- Directions for this task:
Exclude the pictures and reproduce exactly the lines that run from the one holding "Das Bild von" to the end of the entries below.

━━━━━ Working data

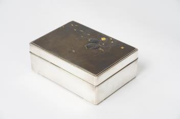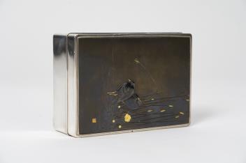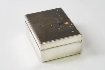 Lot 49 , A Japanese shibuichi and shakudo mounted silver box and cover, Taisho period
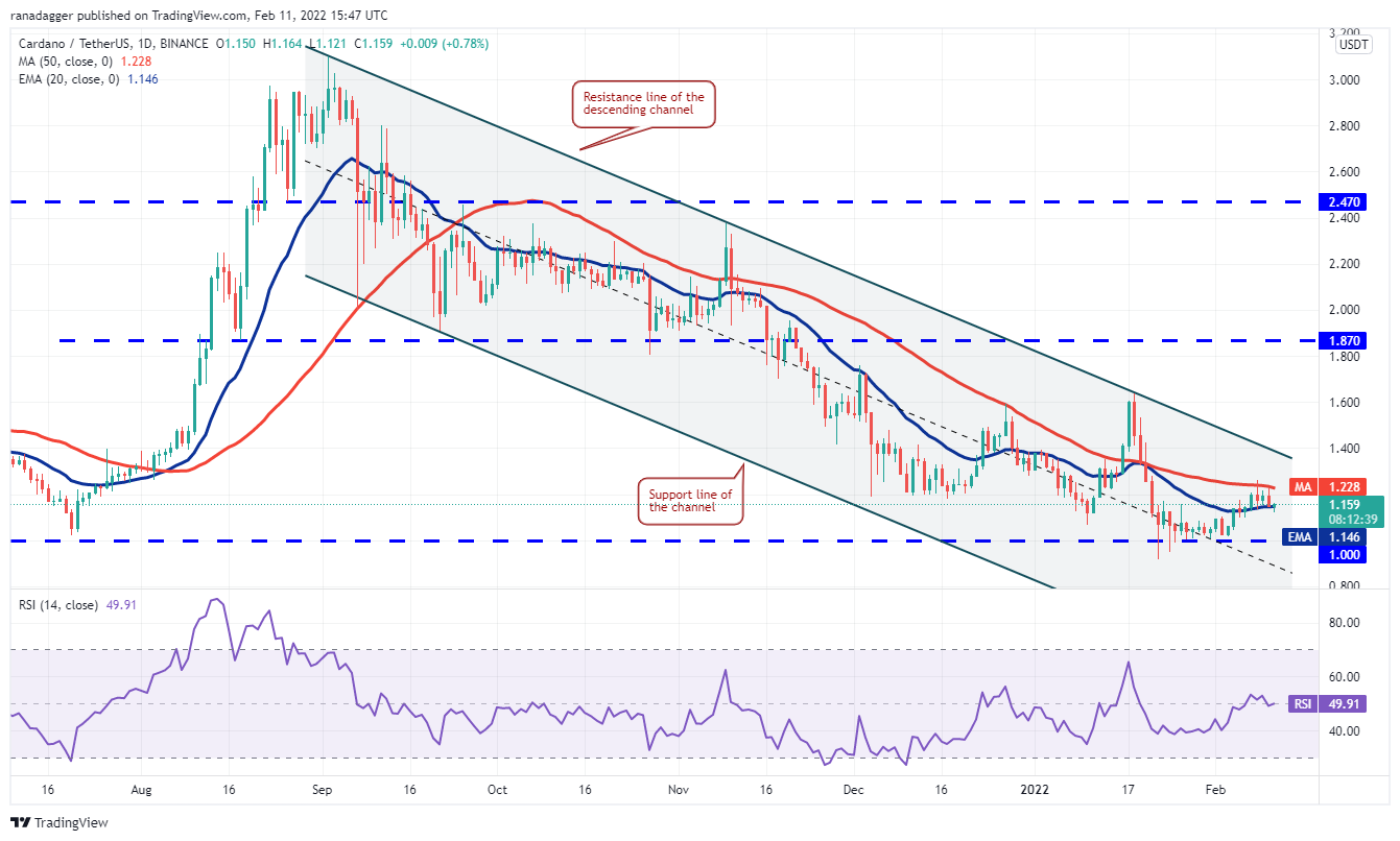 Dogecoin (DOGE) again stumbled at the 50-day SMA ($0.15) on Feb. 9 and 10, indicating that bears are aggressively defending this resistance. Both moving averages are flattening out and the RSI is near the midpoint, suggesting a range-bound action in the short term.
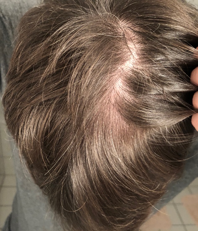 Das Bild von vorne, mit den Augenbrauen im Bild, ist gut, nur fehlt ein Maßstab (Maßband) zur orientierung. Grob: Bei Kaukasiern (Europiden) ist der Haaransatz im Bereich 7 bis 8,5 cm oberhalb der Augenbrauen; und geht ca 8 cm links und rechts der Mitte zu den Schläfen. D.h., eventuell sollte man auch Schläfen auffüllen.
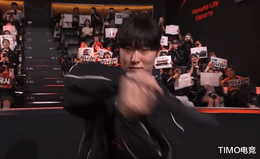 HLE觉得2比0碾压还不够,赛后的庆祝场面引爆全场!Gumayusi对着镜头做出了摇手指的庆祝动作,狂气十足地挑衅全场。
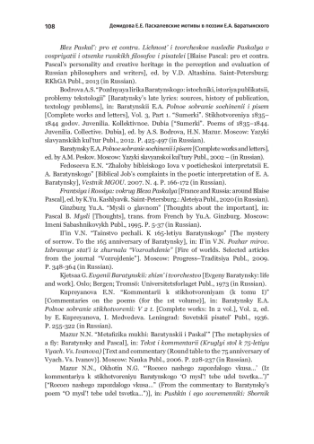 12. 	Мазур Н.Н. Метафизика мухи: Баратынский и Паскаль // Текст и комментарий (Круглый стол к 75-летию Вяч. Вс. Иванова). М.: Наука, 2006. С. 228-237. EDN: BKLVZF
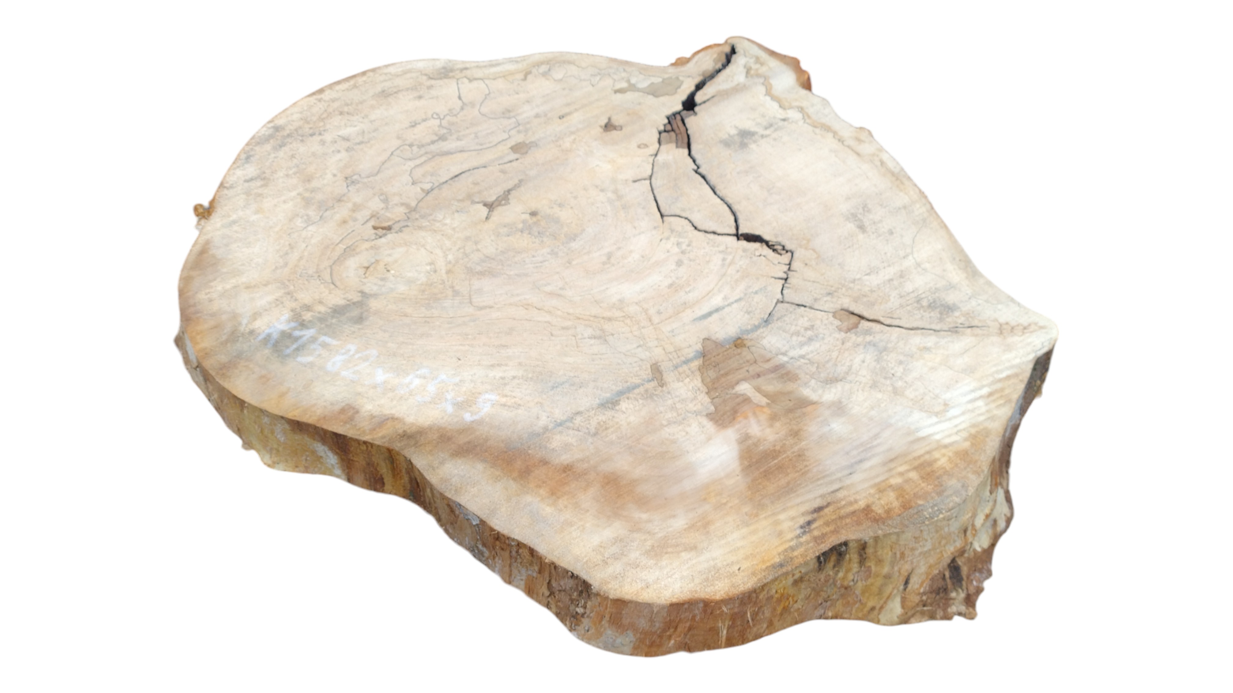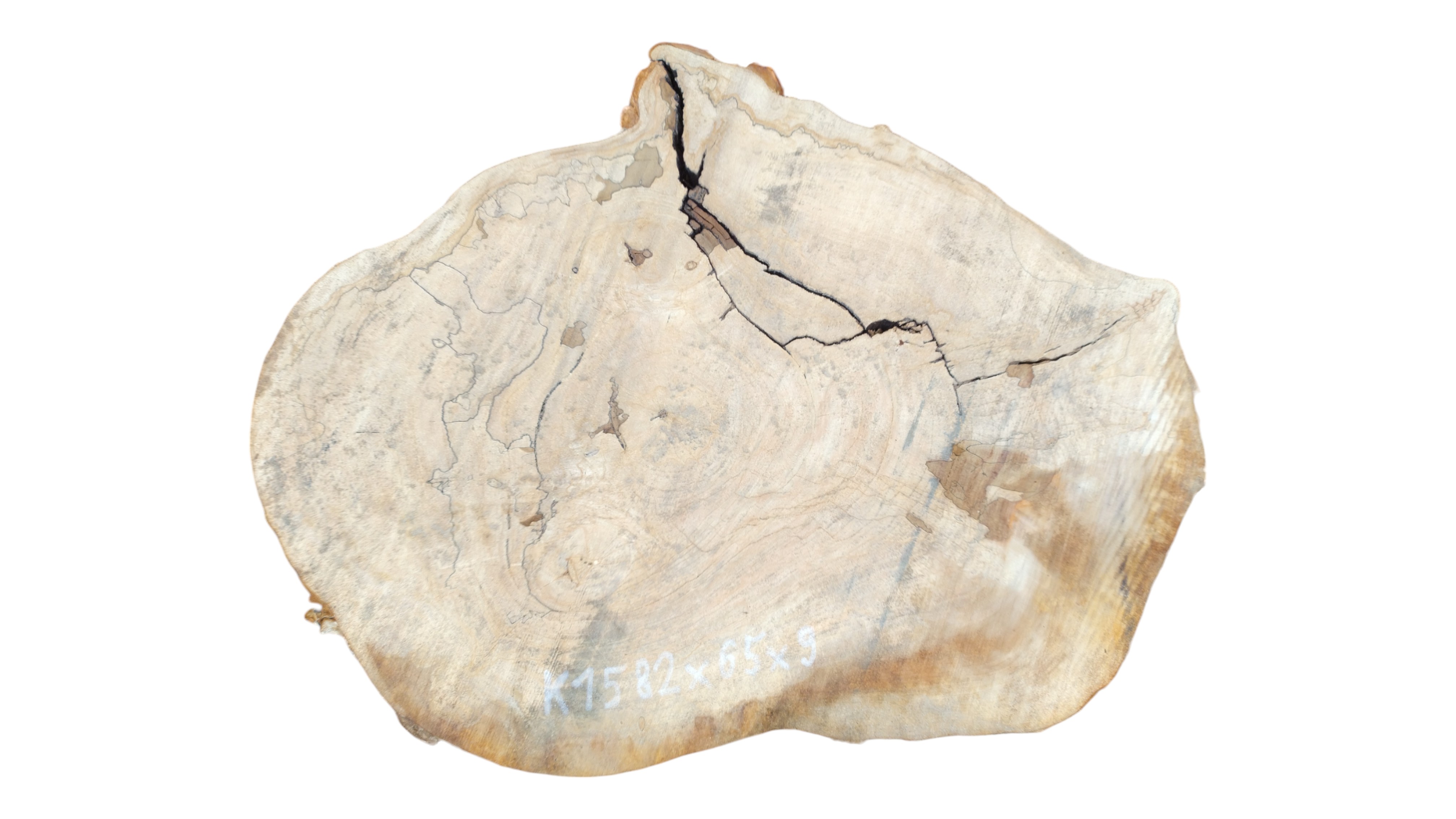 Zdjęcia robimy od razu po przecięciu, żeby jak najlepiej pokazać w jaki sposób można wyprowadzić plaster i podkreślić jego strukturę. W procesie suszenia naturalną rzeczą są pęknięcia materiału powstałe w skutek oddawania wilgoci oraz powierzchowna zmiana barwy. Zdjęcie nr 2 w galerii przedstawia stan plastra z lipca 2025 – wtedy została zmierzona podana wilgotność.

━━━━━━━━━━

- Completed task:
 Das Bild von vorne, mit den Augenbrauen im Bild, ist gut, nur fehlt ein Maßstab (Maßband) zur orientierung. Grob: Bei Kaukasiern (Europiden) ist der Haaransatz im Bereich 7 bis 8,5 cm oberhalb der Augenbrauen; und geht ca 8 cm links und rechts der Mitte zu den Schläfen. D.h., eventuell sollte man auch Schläfen auffüllen.
 HLE觉得2比0碾压还不够,赛后的庆祝场面引爆全场!Gumayusi对着镜头做出了摇手指的庆祝动作,狂气十足地挑衅全场。
 12. 	Мазур Н.Н. Метафизика мухи: Баратынский и Паскаль // Текст и комментарий (Круглый стол к 75-летию Вяч. Вс. Иванова). М.: Наука, 2006. С. 228-237. EDN: BKLVZF
 Zdjęcia robimy od razu po przecięciu, żeby jak najlepiej pokazać w jaki sposób można wyprowadzić plaster i podkreślić jego strukturę. W procesie suszenia naturalną rzeczą są pęknięcia materiału powstałe w skutek oddawania wilgoci oraz powierzchowna zmiana barwy. Zdjęcie nr 2 w galerii przedstawia stan plastra z lipca 2025 – wtedy została zmierzona podana wilgotność.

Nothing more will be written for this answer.